'''

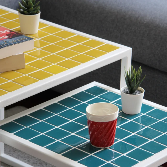 Measures: 41X41X41h 51X51X51h Pieces Weight: 7 kg Coating: Ceramic, glass mosaic or natural stone Frame: Metal Uses: Indoors and outdoors Delivery: 21 working days Made to order Since it is a handmade product, minor errors may appear
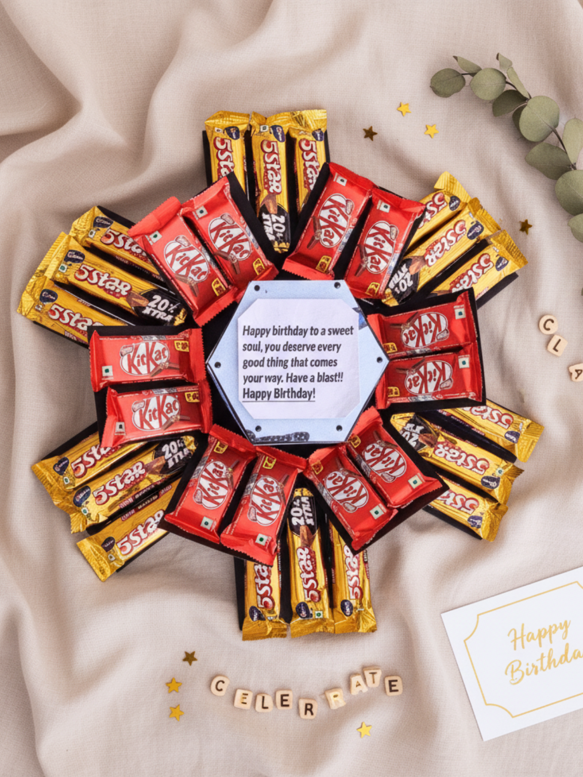 The Layers of Love is the ultimate, unforgettable sweet surprise! This magnificent black exploding gift box opens up dramatically to reveal layers and layers of premium chocolates, featuring an irresistible mix of KitKat, 5 Star, and Cadbury Crispello. At the heart of this indulgent display is a small white teddy bear and a tiny red surprise. It’s the perfect, luxurious way to show deep affection and make any anniversary or birthday truly memorable. Give them the gift of unforgettable sweetness today!
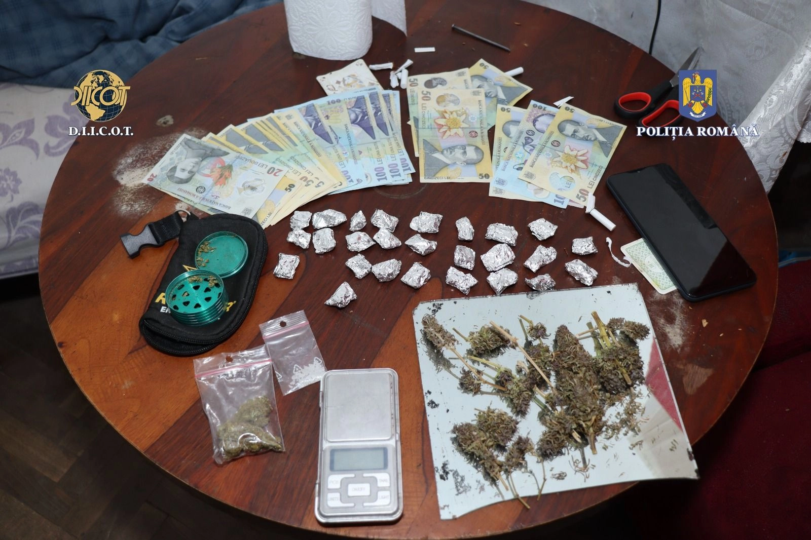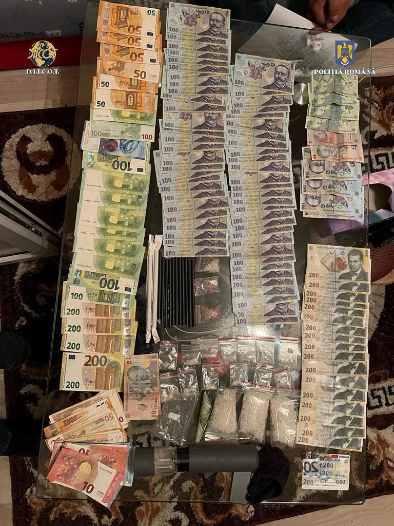 În urma perchezițiilor, polițiștii au descoperit și ridicat, în vederea continuării cercetărilor, 4 pistoale neletale, dintre care 2 supuse autorizării, un arc, aproximativ 70 de grame de 3-CMC, 673 de plicuri ziplock nefolosite, 24 de grame de substanță vegetală, susceptibilă a fi cannabis, 4 cântare de mare precizie, 3 grindere, 33 de telefoane mobile, 2 laptopuri, 9 ceasuri, precum și 11.715 lei, 4.240 de euro, 100 de dolari și 100 de franci elvețieni.
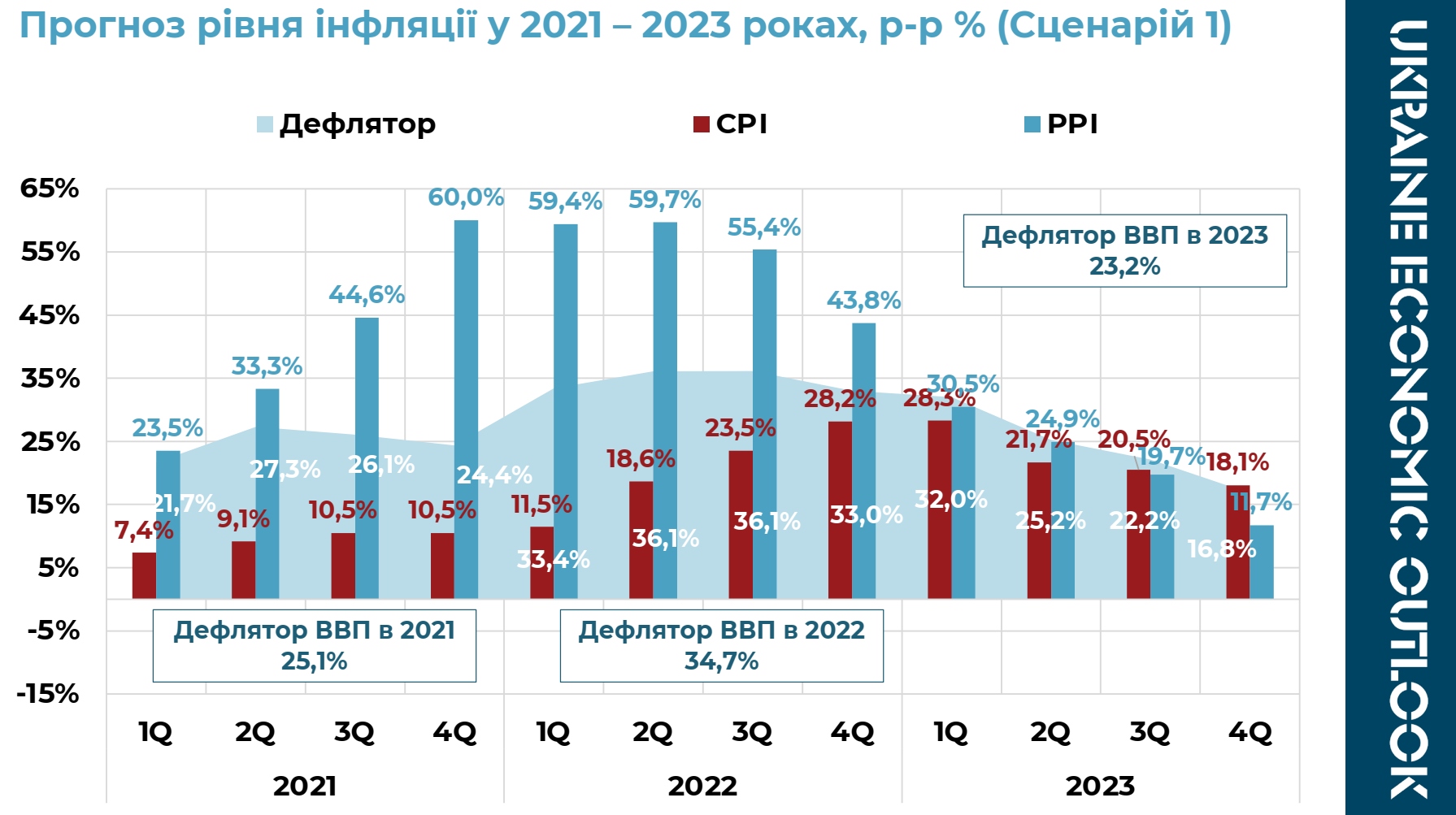 Інфляція або індекс роздрібних цін (CPI) та оптові відпускні ціни виробників (PPI) мають свою окрему динаміку. За допомогою досить складної формули, де враховують зміни цін виробників (переважний вплив тут мають світові ціни на біржові товари), отримують дефлятор ВВП (відношення номінального ВВП до реального), який показує справжній рівень інфляції в країні. Цього року дефлятор ВВП склав майже 35%.
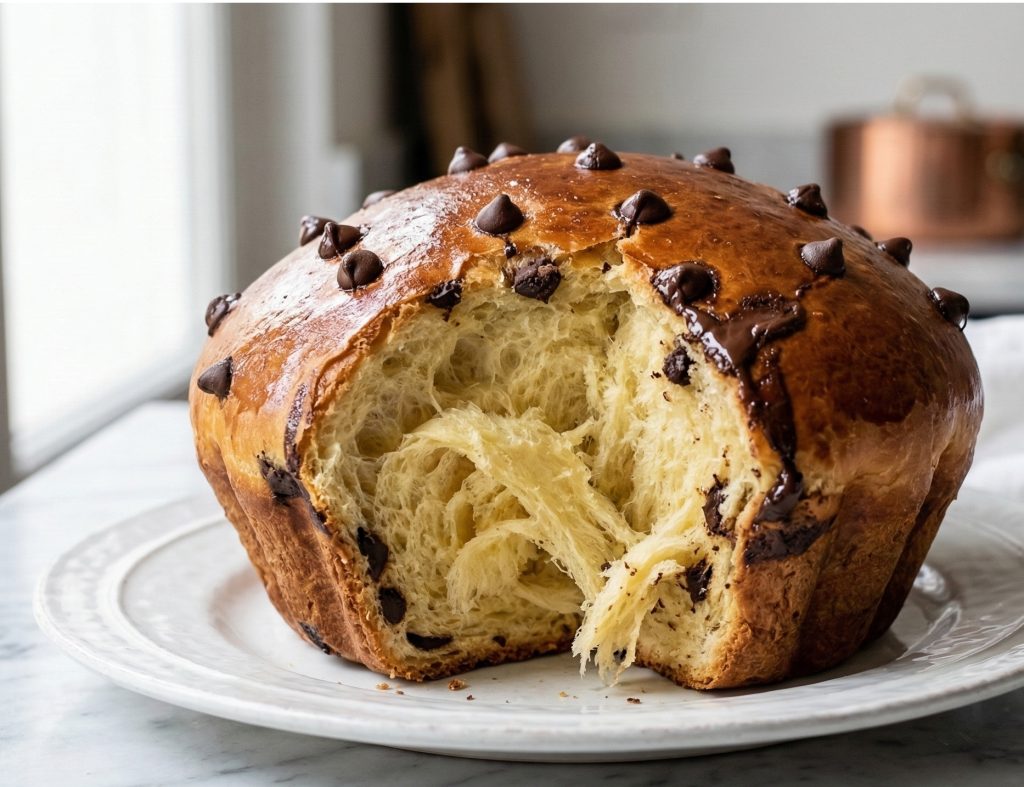Étire délicatement la pâte levée et répartis les pépites de chocolat noir. Rabats la pâte sur elle-même plusieurs fois pour bien les incorporer. Divise en deux pâtons, façonne-les en boules (pirlatura) et laisse-les lever encore 2-3 heures jusqu’à ce qu’ils doublent de volume.
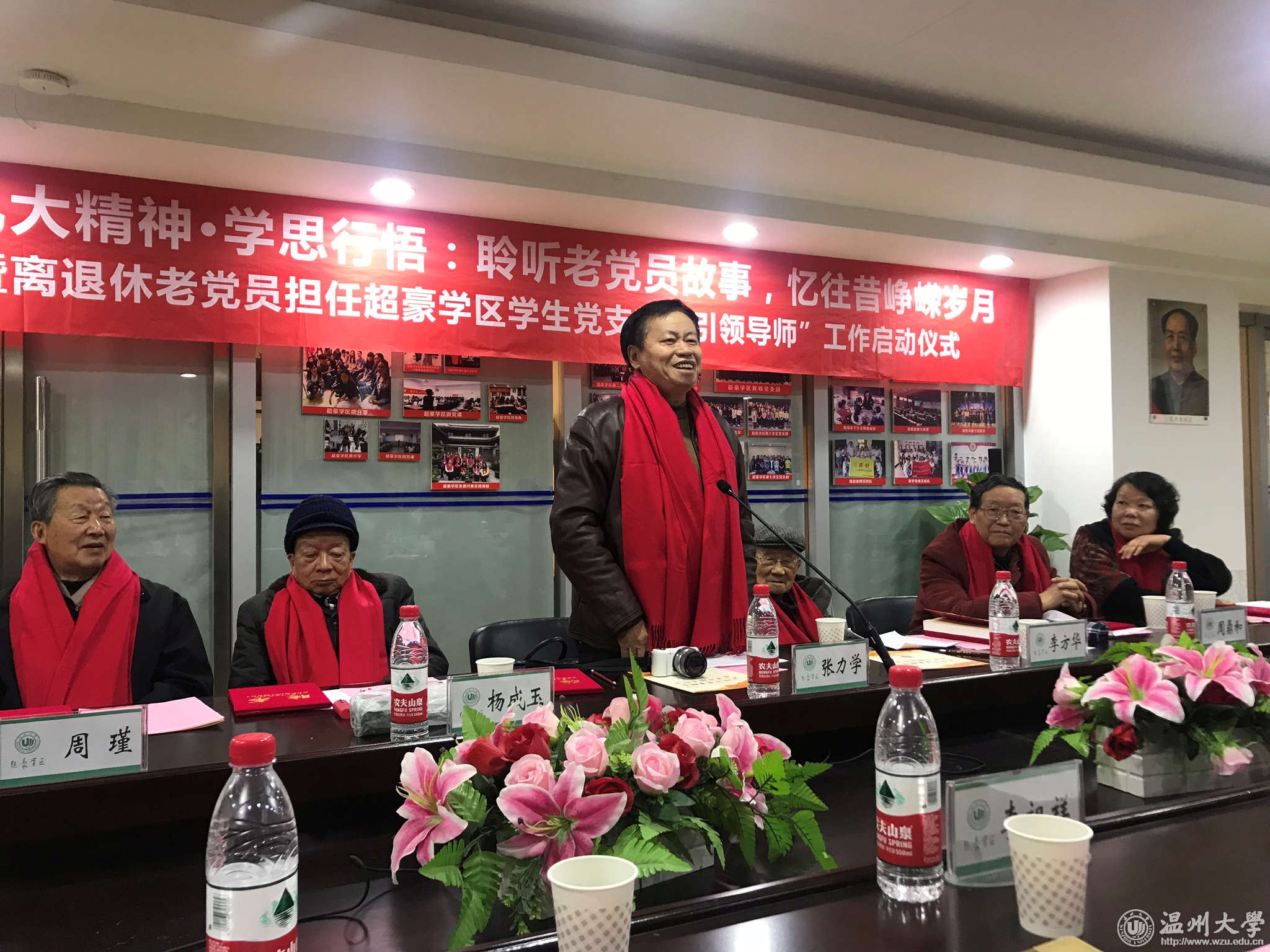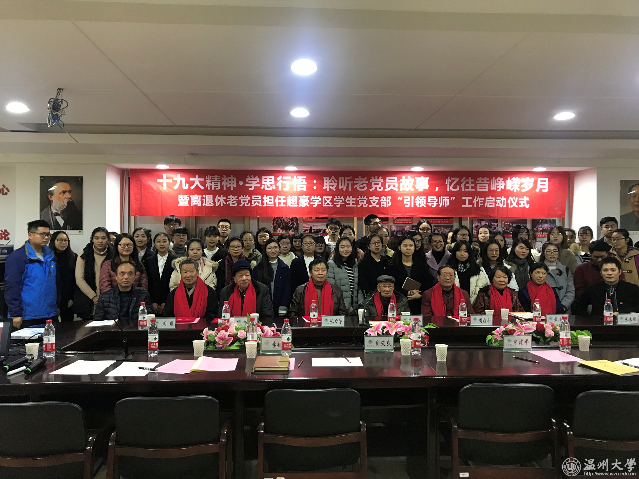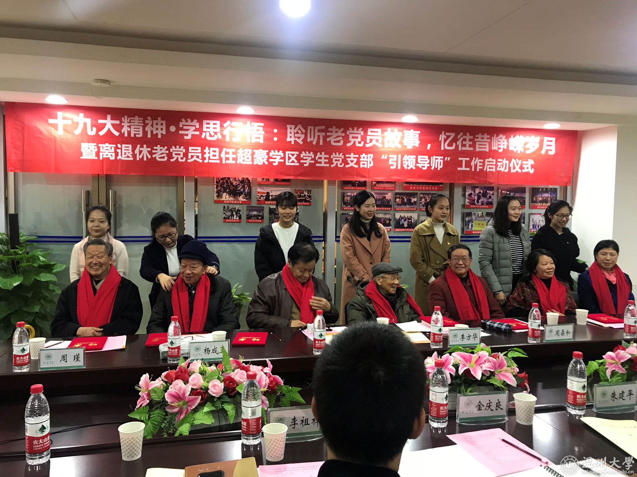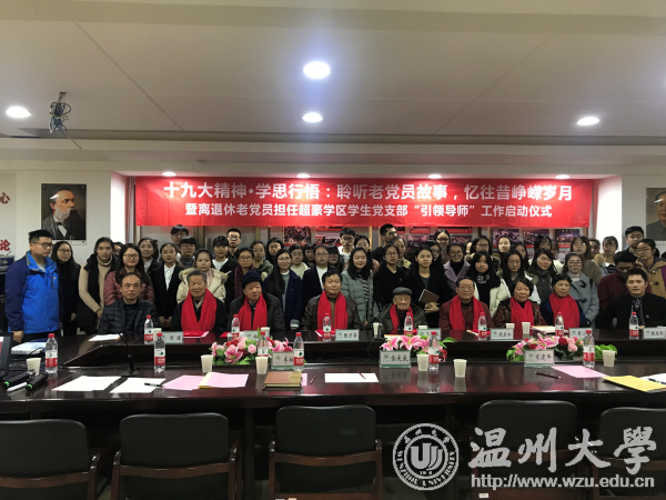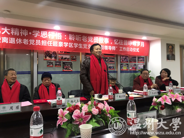 “沧海横流,十九大开启新的复兴航程,凝聚了八千九百多万党员意志,承载了全民族的期望;风云际会,十九大树起新的历史丰碑,告诫奋斗未有穷期,昭示前景更加辉煌!” 12月14日上午,离退休老党员担任超豪学区学生支部“引领导师”工作启动仪式举行,七名离退休老党员,学校有关部门、学院负责人及超豪学区全体教工党员、60余名学生党员参加仪式。仪式上,学生党员献上诗朗诵《十九大礼赞》,并为被聘为学区“引领导师”的七位离退休老党员送上鲜艳的红色围巾。窗外寒风瑟瑟,屋内温暖如春。老少党员们的心紧紧连在了一起。

'''

What the exercise asks: Everything from the first line of the entries through the line containing "The Layers of" is to be transcribed exactly; the pictures are not.

Reply:
 Measures: 41X41X41h 51X51X51h Pieces Weight: 7 kg Coating: Ceramic, glass mosaic or natural stone Frame: Metal Uses: Indoors and outdoors Delivery: 21 working days Made to order Since it is a handmade product, minor errors may appear
 The Layers of Love is the ultimate, unforgettable sweet surprise! This magnificent black exploding gift box opens up dramatically to reveal layers and layers of premium chocolates, featuring an irresistible mix of KitKat, 5 Star, and Cadbury Crispello. At the heart of this indulgent display is a small white teddy bear and a tiny red surprise. It’s the perfect, luxurious way to show deep affection and make any anniversary or birthday truly memorable. Give them the gift of unforgettable sweetness today!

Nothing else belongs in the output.